(Data for processing)

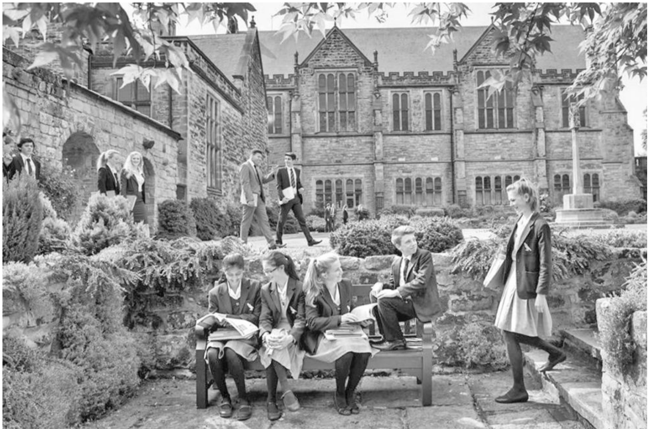
В некоторых канадских школах от формы и не думали отказываться
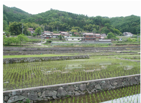
農地と赤瓦の集落
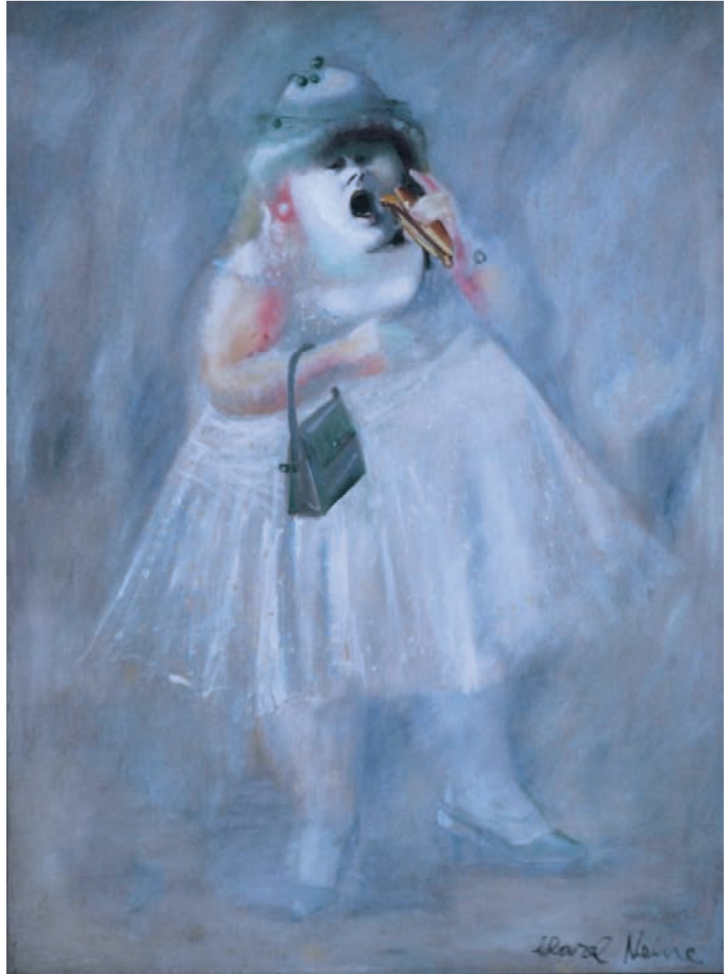
Una tarde feliz Óleo sobre tela 130 x 97 cm. 1980
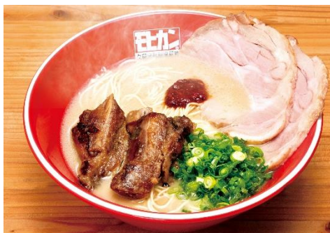
【京急百貨店オリジナル】
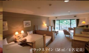
デラックスツイン (58㎡ / 4名定員)
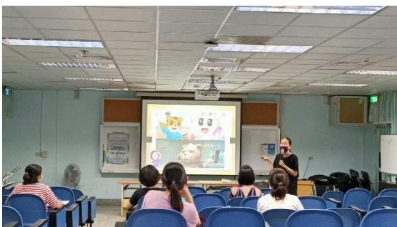
說明：分享性別教育與孩子日常生活文化--電視節目的連結與應用
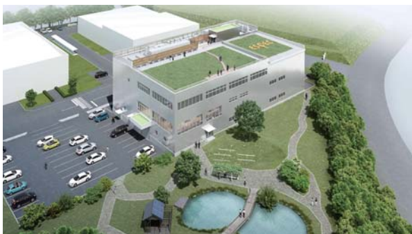
新技術開発棟 全景(イメージ図)

神戸R&Dセンター(兵庫県神戸市北区)の敷地内において新技術開発棟の建設に着工しました。産学官連携など、オープンイノベーションの促進により技術開発力を強化するとともに、生物多様性保全の推進を図り、持続的な成長を目指します。屋上には、六甲北部の在来種による草地を育成し、既存のエスプレックの森(在来苗木を植樹し育てた森)やビオトープなどとの調和を図ります。新技術開発棟は、2020年5月より稼働する予定です。
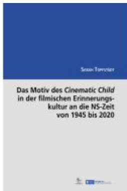
Das Motiv des Cinematic Child in der filmischen Erinnerungskultur an die NS- Zeit von 1945 bis 2020 Ladenpreis: 59,70EUR

(End Data for processing)

» Your objective
Leave the pictures out and print every record exactly.

» Written response
В некоторых канадских школах от формы и не думали отказываться
農地と赤瓦の集落
Una tarde feliz Óleo sobre tela 130 x 97 cm. 1980
【京急百貨店オリジナル】
デラックスツイン (58㎡ / 4名定員)
說明：分享性別教育與孩子日常生活文化--電視節目的連結與應用
新技術開発棟 全景(イメージ図)

神戸R&Dセンター(兵庫県神戸市北区)の敷地内において新技術開発棟の建設に着工しました。産学官連携など、オープンイノベーションの促進により技術開発力を強化するとともに、生物多様性保全の推進を図り、持続的な成長を目指します。屋上には、六甲北部の在来種による草地を育成し、既存のエスプレックの森(在来苗木を植樹し育てた森)やビオトープなどとの調和を図ります。新技術開発棟は、2020年5月より稼働する予定です。
Das Motiv des Cinematic Child in der filmischen Erinnerungskultur an die NS- Zeit von 1945 bis 2020 Ladenpreis: 59,70EUR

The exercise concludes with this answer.